_Required action_
Beginning at the line containing "鸡病专业网消息:11月5日,山东地区莱阳" in the material below and ending at the line containing "CP: 04/2006,Volvo,FH MK2,Tipper,Automatic,Airbag", return each line exactly and add nothing.

_Records provided_
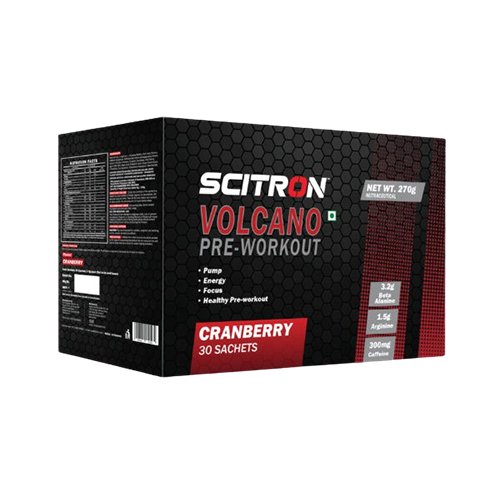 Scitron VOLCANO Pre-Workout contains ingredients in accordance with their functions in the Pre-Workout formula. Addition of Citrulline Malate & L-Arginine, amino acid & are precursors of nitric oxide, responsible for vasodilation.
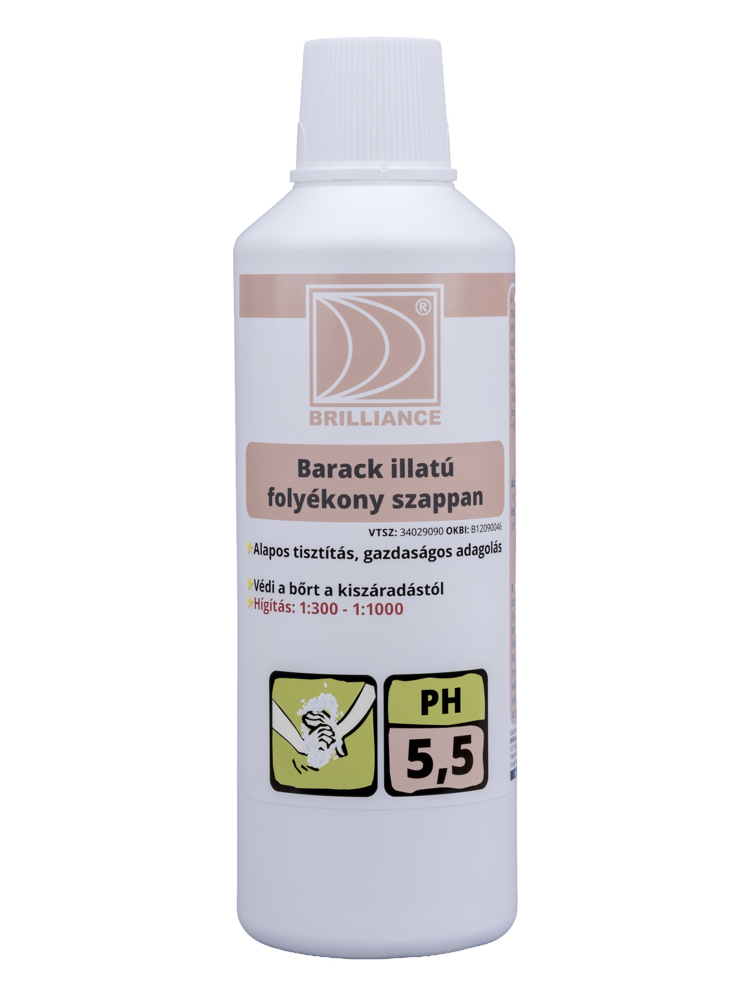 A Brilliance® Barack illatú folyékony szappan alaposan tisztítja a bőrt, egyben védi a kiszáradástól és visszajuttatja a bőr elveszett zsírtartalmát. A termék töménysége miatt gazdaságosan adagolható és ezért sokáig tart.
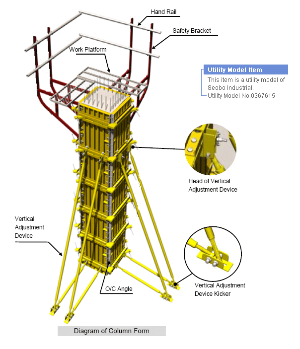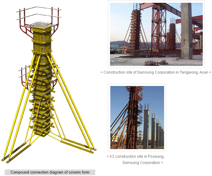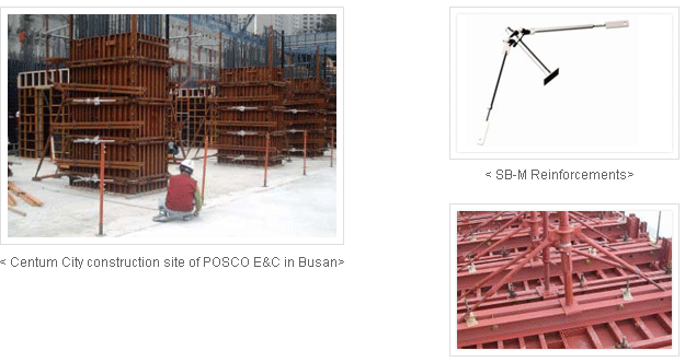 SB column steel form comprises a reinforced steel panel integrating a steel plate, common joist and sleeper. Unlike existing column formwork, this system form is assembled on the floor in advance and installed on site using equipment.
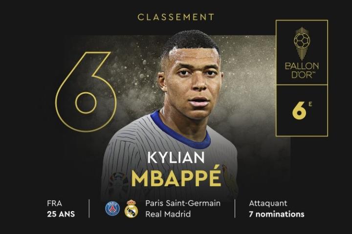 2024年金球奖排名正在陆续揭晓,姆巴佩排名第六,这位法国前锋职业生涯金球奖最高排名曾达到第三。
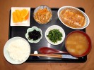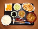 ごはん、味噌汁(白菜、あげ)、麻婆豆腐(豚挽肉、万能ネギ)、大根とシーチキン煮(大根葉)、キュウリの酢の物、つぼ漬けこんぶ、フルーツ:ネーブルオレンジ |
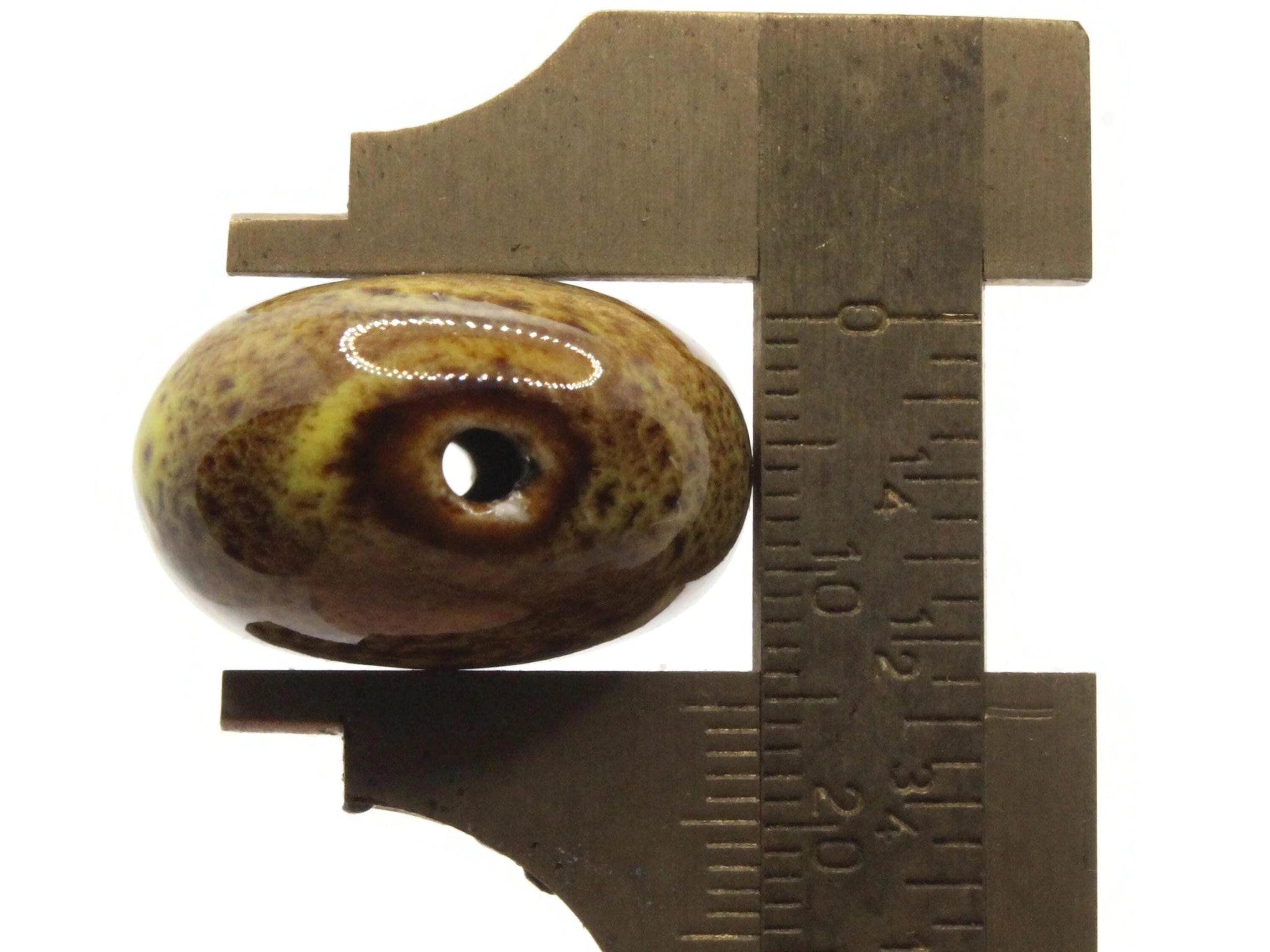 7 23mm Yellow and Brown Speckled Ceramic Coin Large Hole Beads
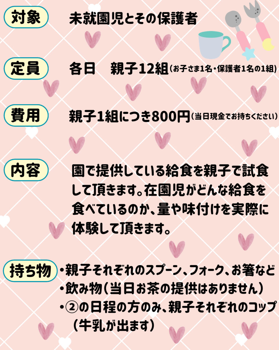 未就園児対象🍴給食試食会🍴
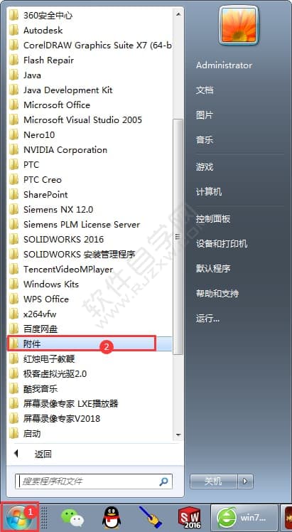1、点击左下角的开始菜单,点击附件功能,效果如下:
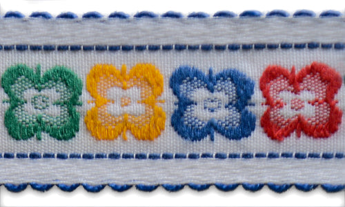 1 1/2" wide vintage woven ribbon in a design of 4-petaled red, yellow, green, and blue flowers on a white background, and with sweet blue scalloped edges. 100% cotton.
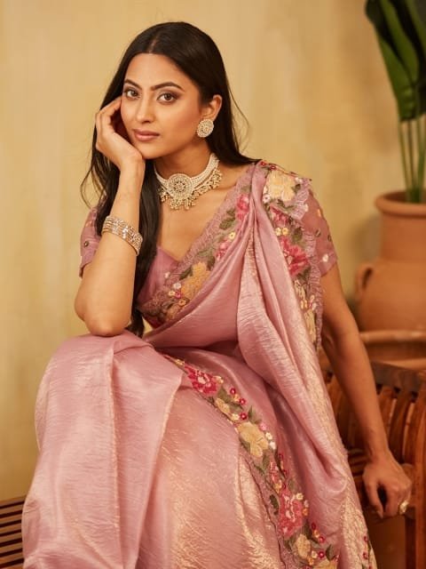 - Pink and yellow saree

--

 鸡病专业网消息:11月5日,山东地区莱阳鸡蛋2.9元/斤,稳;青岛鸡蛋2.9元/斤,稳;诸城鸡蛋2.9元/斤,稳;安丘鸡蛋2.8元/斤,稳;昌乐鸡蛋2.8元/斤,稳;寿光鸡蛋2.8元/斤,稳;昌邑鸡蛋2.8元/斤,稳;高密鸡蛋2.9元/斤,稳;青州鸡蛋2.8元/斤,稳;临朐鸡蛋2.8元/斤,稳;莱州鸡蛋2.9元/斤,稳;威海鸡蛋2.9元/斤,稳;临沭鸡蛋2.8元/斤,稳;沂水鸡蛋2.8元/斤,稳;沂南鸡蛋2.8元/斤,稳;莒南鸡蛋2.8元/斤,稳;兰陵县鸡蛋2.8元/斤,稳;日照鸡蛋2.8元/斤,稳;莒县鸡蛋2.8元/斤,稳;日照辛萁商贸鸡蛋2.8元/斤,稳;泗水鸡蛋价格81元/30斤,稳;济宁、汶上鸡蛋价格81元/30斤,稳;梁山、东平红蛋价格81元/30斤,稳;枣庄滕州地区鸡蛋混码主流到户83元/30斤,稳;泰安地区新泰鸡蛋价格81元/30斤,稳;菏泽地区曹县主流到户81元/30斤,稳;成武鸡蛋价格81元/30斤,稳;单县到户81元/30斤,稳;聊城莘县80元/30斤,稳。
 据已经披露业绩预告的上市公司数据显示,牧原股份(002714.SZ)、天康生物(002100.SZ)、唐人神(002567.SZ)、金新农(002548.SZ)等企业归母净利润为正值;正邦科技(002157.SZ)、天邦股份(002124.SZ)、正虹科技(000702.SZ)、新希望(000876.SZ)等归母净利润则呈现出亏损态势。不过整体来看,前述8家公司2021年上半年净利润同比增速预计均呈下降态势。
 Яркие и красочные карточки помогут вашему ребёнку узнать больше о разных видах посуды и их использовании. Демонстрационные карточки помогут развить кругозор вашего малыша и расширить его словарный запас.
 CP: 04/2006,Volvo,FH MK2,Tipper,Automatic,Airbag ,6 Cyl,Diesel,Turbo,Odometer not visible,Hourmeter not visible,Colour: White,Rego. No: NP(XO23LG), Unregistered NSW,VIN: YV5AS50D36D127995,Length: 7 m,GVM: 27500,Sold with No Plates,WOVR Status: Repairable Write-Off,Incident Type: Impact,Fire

_Response to this exercise_
 鸡病专业网消息:11月5日,山东地区莱阳鸡蛋2.9元/斤,稳;青岛鸡蛋2.9元/斤,稳;诸城鸡蛋2.9元/斤,稳;安丘鸡蛋2.8元/斤,稳;昌乐鸡蛋2.8元/斤,稳;寿光鸡蛋2.8元/斤,稳;昌邑鸡蛋2.8元/斤,稳;高密鸡蛋2.9元/斤,稳;青州鸡蛋2.8元/斤,稳;临朐鸡蛋2.8元/斤,稳;莱州鸡蛋2.9元/斤,稳;威海鸡蛋2.9元/斤,稳;临沭鸡蛋2.8元/斤,稳;沂水鸡蛋2.8元/斤,稳;沂南鸡蛋2.8元/斤,稳;莒南鸡蛋2.8元/斤,稳;兰陵县鸡蛋2.8元/斤,稳;日照鸡蛋2.8元/斤,稳;莒县鸡蛋2.8元/斤,稳;日照辛萁商贸鸡蛋2.8元/斤,稳;泗水鸡蛋价格81元/30斤,稳;济宁、汶上鸡蛋价格81元/30斤,稳;梁山、东平红蛋价格81元/30斤,稳;枣庄滕州地区鸡蛋混码主流到户83元/30斤,稳;泰安地区新泰鸡蛋价格81元/30斤,稳;菏泽地区曹县主流到户81元/30斤,稳;成武鸡蛋价格81元/30斤,稳;单县到户81元/30斤,稳;聊城莘县80元/30斤,稳。
 据已经披露业绩预告的上市公司数据显示,牧原股份(002714.SZ)、天康生物(002100.SZ)、唐人神(002567.SZ)、金新农(002548.SZ)等企业归母净利润为正值;正邦科技(002157.SZ)、天邦股份(002124.SZ)、正虹科技(000702.SZ)、新希望(000876.SZ)等归母净利润则呈现出亏损态势。不过整体来看,前述8家公司2021年上半年净利润同比增速预计均呈下降态势。
 Яркие и красочные карточки помогут вашему ребёнку узнать больше о разных видах посуды и их использовании. Демонстрационные карточки помогут развить кругозор вашего малыша и расширить его словарный запас.
 CP: 04/2006,Volvo,FH MK2,Tipper,Automatic,Airbag ,6 Cyl,Diesel,Turbo,Odometer not visible,Hourmeter not visible,Colour: White,Rego. No: NP(XO23LG), Unregistered NSW,VIN: YV5AS50D36D127995,Length: 7 m,GVM: 27500,Sold with No Plates,WOVR Status: Repairable Write-Off,Incident Type: Impact,Fire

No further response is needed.